◆ **EXERCISE DIRECTIONS**
Give back an exact copy of the listing that follows, without the pictures.

◆ **PROVIDED DATA**
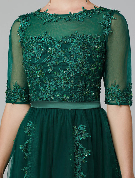 A-Line Cocktail Dress Christmas Red Green Dress Formal Evening Kentucky Derby Tea Length Sleeveless Illusion Neck Fall Wedding Guest Lace Over Tulle with Sequin Appliques
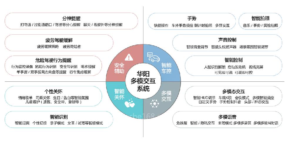 比如ADAYO华阳最新的多模态交互系统,基于高算力AI芯片,通过视觉、听觉、触觉、多模前融合、多模后融合等识别技术,能够实现4大类、70+人机交互场景,包括语音+手势开车窗或空调、可见即可说、上车问候、儿童哭闹安抚、声音控制、人脸启动发动机、视线亮屏、驾驶员行为监控和危险行为提醒等。
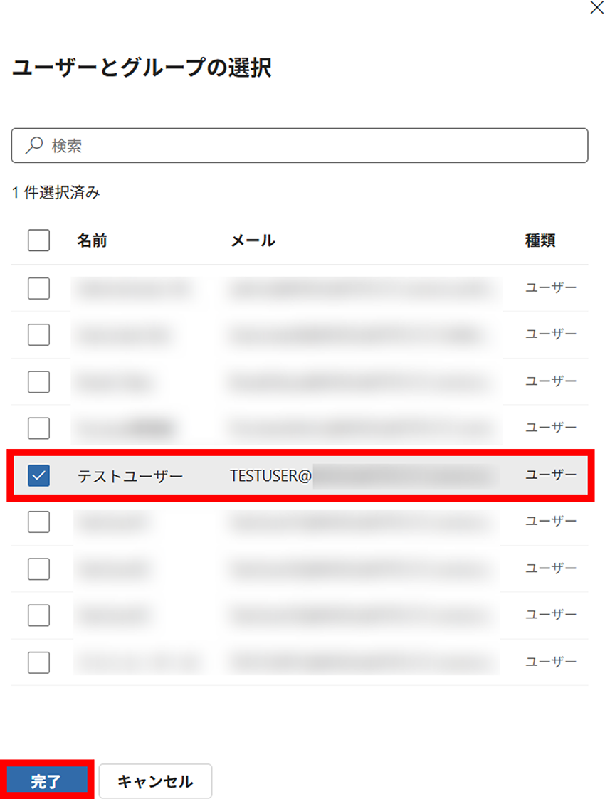 12. 対象のユーザーが表示されていることを確認し、[完了] をクリックします。

◆ **TASK RESPONSE**
 A-Line Cocktail Dress Christmas Red Green Dress Formal Evening Kentucky Derby Tea Length Sleeveless Illusion Neck Fall Wedding Guest Lace Over Tulle with Sequin Appliques
 比如ADAYO华阳最新的多模态交互系统,基于高算力AI芯片,通过视觉、听觉、触觉、多模前融合、多模后融合等识别技术,能够实现4大类、70+人机交互场景,包括语音+手势开车窗或空调、可见即可说、上车问候、儿童哭闹安抚、声音控制、人脸启动发动机、视线亮屏、驾驶员行为监控和危险行为提醒等。
 12. 対象のユーザーが表示されていることを確認し、[完了] をクリックします。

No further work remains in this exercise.